The Faustian Bargain
Some years ago, I was exploring the possibility of other jobs in the financial services industry, and spoke with a business acquaintance that I worked with on a couple of civic committees in Chicago. This gentleman had retired some years earlier as the vice chairman of one of the major banks in town. He was very well known in Chicago business and civic circles.

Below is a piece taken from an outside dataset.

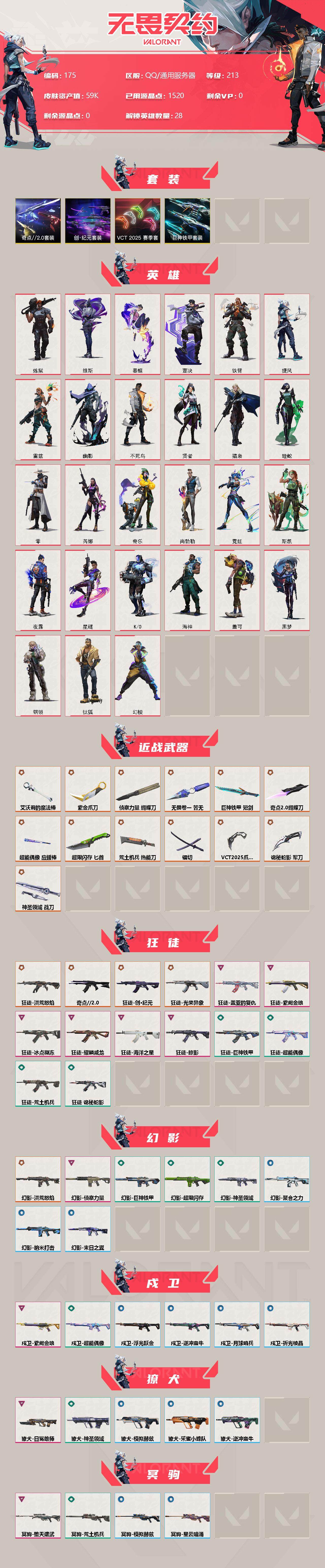 【175】【套装】:vct 2025 赛季套装,创·纪元套装,奇点//2.0套装,巨神铁甲套装 【英雄】:幻棱,炼狱,维斯,暮蝶,钛狐,壹决,铁臂,捷风,雷兹,幽影,不死鸟,贤者,猎枭,蝰蛇,零,芮娜,奇乐,尚勃勒,霓虹,斯凯,夜露,星礈,k/o,海神,盖可,黑梦,钢锁 【近战 武器】:近战武器-无畏契约go!第一卷 苦无,近战武器-侦察力量 蝴蝶刀,近战武器-奇点//2.0 蝴蝶刀,近战武器-vct 2025 爪刀,近战武器-紫金爪刀,近战武器-镭切,近战武器-艾沃莉的魔法棒,近战武器-巨神铁甲 短剑,近战武器-超能偶像 应援棒,近战武器-超限闪存 匕首,近战武器-荒土机兵 热能刀,近战武器-诡秘蛇影 军刀,近战武器-神圣领域 战刀 【狂徒】:狂徒-洪荒怒焰,狂徒-奇点//2.0,狂徒-创·纪元,狂徒-光荣异象,狂徒-冰点凝冻,狂徒-掠影,狂徒-盖亚的复仇,狂徒-海洋之星,狂徒-耀鳞威龙,狂徒-紫阙金琅,狂徒-超能偶像,狂徒-荒土机兵,狂徒-巨神铁甲,狂徒-诡秘蛇影 【幻影】:幻影-洪荒怒焰,幻影-侦察力量,幻影-超限闪存,幻影-巨神铁甲,幻影-神圣领域,幻影-聚合之力,幻影-纳米打击,幻影-末日之翼 【戍卫】:戍卫-紫阙金琅,戍卫-超能偶像,戍卫-浮光跃金,戍卫-逆冲蛮牛,戍卫-月球哨兵,戍卫-折光棱晶 【獠犬】:獠犬-日冕雄师,獠犬-神圣领域,獠犬-采蜜小蜂队,獠犬-模拟赫兹,獠犬-逆冲蛮牛 【冥驹】:冥驹-堕天遗武,冥驹-荒土机兵,冥驹-模拟赫兹,冥驹-星云暗涌 【飞将】:飞将-聚合之力,飞将-末日之翼 【莽侠】:莽侠-创·纪元,莽侠-超限闪存,莽侠-诡秘蛇影,莽侠-月球哨兵 【战神】:战神-神圣领域,战神-采蜜小蜂队,战神-浮光跃金 【奥丁】:奥丁-巨神铁甲,奥丁-纳米打击,奥丁-末日之翼 【判官】:判官-超能偶像,判官-诡秘蛇影,判官-采蜜小蜂队,判官-纳米打击x 【雄鹿】:雄鹿-模拟赫兹,雄鹿-逆冲蛮牛,雄鹿-月球哨兵 【骇灵】:骇灵-创·纪元,骇灵-荒土机兵,骇灵-浮光跃金,骇灵-星云暗涌 【蜂刺】:蜂刺-超限闪存,蜂刺-聚合之力,蜂刺-星云暗涌,蜂刺-折光棱晶 【标配】:标配-紫阙金琅,标配-超能偶像,标配-荒土机兵,标配-浮光跃金,标配-折光棱晶 【正义】:正义-塑水宗,正义-创·纪元,正义-超限闪存,正义-复古浪潮,正义-纳米打击,正义-月球哨兵 【鬼魅】:鬼魅-奇点//2.0,鬼魅-噬影者,鬼魅-流星兵团,鬼魅-诡秘蛇影,鬼魅-采蜜小蜂队,鬼魅-模拟赫兹,鬼魅-星云暗涌 【狂怒】:狂怒-巨神铁甲,狂怒-神圣领域,狂怒-聚合之力,狂怒-逆冲蛮牛 【短炮】:短炮-末日之翼 【卡面】:终章:激斗汉堡 卡面,进入射程 卡面,分崩离析 卡面,纳米打击 卡面,抑制技术 卡面,激斗汉堡 卡面,瓦娃脸雪糕 p2 卡面,从黄昏到黎明 卡面,荒土机兵 卡面,银弹猎手 卡面,逆冲蛮牛 卡面,《双城之战》拥抱 卡面,精灵大战 卡面,欢迎来到底城 卡面,南瓜盛典 卡面,唱片的故事 卡面,钢弓与箭弦 卡面,排除故障 卡面,奇点//2.0 卡面,战术桌游 卡面,悠享食光 卡面,修车达人 卡面,模拟赫兹 卡面,浮光跃金 卡面,超限闪存 卡面,维斯工牌 卡面,正义的化身 卡面,终章:生意人麦宝 卡面,铁之华 卡面,失而复得 卡面,时间到 卡面,最高舞台 卡面,复活专家 卡面,归乡 // 蝰蛇 卡面,超能偶像 卡面,生意人麦宝 卡面,声感陷阱设计图 卡面,钢锁工牌 卡面,战术小伙伴的夏日 卡面,采蜜小蜂队 卡面,聚合之力 卡面,梦幻奶茶 卡面,终章:打造专属狂徒 卡面,趁热吃 卡面,无畏契约:尚勃勒 卡面,暮蝶工牌 卡面,源能反应 卡面,零点嗅探设计图 卡面,终章:瓦娃脸雪糕 卡面,表象之下 卡面,沙雕爆能器 卡面,无畏契约go!第一卷:芮娜 卡面,清除名单 卡面,无畏契约go!第一卷:零 卡面,龍记 卡面,势不可挡//盖可 卡面,逆向独行 卡面 ,完美调谐 卡面 ,暗呛 卡面,铁臂vs雷兹 卡面,黑影先生的咖啡! 卡面,热烈欢迎 卡面,铁臂设计图 卡面,代号红色 卡面,冰淇淋店 卡面,新兵报到 卡面,友军火力 卡面,v契约 卡面,无畏契约 卡面 【喷漆】:小小心意 喷漆,战“素”兔 喷漆,宇宙的指引 喷漆,请求重启 喷漆,逆冲蛮牛 喷漆,纳米打击 喷漆,鼻尖上的蝴蝶 喷漆,简笔画黯兽 喷漆,独守蝰腹 喷漆,他们将落荒而逃 喷漆,通缉:战术企鹅 喷漆,荒土机兵 喷漆,别挡我吃球! 喷漆,嗨宝南瓜灯 喷漆,嘭! 喷漆,都算到了 喷漆,控场勿近 喷漆,皮蛋呼呼 喷漆,像素星礈 喷漆,图谋不轨的零 喷漆,小丑猫 喷漆,模拟赫兹 喷漆,高丽风情小熊 喷漆,奇点//2.0 喷漆,蹲到一个 喷漆,全力集中 喷漆,超限闪存 喷漆,rua一下 喷漆,熊抱 喷漆,高丽风情小虎 喷漆,记在小本本 喷漆,防弹企鹅 喷漆,高丽风情小蛙 喷漆,又被闪了 喷漆,终极羞辱 喷漆,超级粉丝 喷漆,黯兽卖萌 喷漆,捷风差距 喷漆,惊声尖叫 喷漆,五人成星 喷漆,超能偶像 喷漆,放我出去 喷漆,掩护我 喷漆,大佬发呛 喷漆,边缘试探 喷漆,拼一呛 喷漆,聚合之力 喷漆,采蜜小蜂队 喷漆,梦幻小队 喷漆,五个全都齐了 喷漆,我觉得不行 喷漆,致命优雅 喷漆,我的刀呢? 喷漆,uwu 喷漆,新潮流 喷漆,双击点赞 喷漆,买装还是存钱 喷漆,醒狮贺春 喷漆,蕊形灯 喷漆,老铁困了 喷漆,口袋贤者 喷漆,胜利属于无畏契约 喷漆,glhf 喷漆,无畏契约 喷漆 【挂饰】:终章:猫猫木乃伊 挂饰,荒土机兵 挂饰,悠闲鸡块 挂饰,猫猫木乃伊 挂饰,水壶 挂饰,纳米打击 挂饰,逆冲蛮牛 挂饰,可爱糖糖 挂饰,伞绳 挂饰,《双城之战》小蛋糕 挂饰,第九季//第三幕 纪念币 挂饰,拳击战术熊 挂饰,工具腰带 挂饰,无畏契约go!第一卷 芮娜 挂饰,无畏契约go!第一卷 零

During the course of the conversation, he began to lament the course that he had taken in his business life. He said that he had obtained all of the things the mark success in Chicago’s business community…a big home in Lake Forest…a Jaguar in the driveway…private schools for the kids…country club memberships…European vacations, and the like. (And, make no mistake, that is precisely how we define success in Chicago’s business community. As long as you have all the “toys”, you can even be dishonest and deceitful…as long as you don’t get caught. If you get caught…well then, poor bastard, etc., etc.). But, he felt terrible about how he had obtained them.

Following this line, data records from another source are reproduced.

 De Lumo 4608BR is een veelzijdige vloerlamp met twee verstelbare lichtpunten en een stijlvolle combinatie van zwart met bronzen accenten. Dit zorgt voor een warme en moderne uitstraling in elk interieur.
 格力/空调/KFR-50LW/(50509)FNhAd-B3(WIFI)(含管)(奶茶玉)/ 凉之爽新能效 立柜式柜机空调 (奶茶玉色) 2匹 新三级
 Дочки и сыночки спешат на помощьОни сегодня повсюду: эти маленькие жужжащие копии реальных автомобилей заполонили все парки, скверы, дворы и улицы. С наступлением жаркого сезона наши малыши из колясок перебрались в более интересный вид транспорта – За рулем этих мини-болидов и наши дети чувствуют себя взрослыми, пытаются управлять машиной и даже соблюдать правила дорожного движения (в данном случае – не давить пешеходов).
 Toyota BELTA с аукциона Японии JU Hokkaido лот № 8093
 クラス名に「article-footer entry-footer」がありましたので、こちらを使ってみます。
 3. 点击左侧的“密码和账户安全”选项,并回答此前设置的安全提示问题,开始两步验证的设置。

He told me that he now regretted how he had “sold out”. He told me that, whenever there were people to be fired at the bank, whether justly or unjustly, he was the “hatchet man”. He told me that, whenever there was something “slimy” to do at the bank, he volunteered for the job. He said that he never stood up for anything, or anybody, other than himself, because that is how he rose up the ladder at the bank; and, he couldn’t give up the” lifestyle” that each career move up the bank’s hierarchy gave him. He was addicted to the “toys”.
But now, like Christopher Marlow’s Dr. Faustus, he regretted what he did in his career-and, he couldn’t go back. He couldn’t undo what he had done.

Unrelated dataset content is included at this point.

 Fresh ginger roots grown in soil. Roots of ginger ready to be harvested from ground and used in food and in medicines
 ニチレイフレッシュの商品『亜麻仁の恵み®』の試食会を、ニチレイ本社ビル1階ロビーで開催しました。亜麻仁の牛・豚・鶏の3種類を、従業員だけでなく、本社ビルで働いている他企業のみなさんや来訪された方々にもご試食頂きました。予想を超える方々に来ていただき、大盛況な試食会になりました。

I was stunned at this turn in the conversation and said nothing.
A few years ago, I was paging through the obits in the local newspaper (what we South Side “micks” euphemistically call the “Irish sports pagers”)-and, there he was… dead at a fairly early age…late sixties or early seventies, I think.
I wondered if he ever reconciled himself with his own conscious-and, with God, before he died.
No one has ever figured out how to attach a U-haul to a hearse!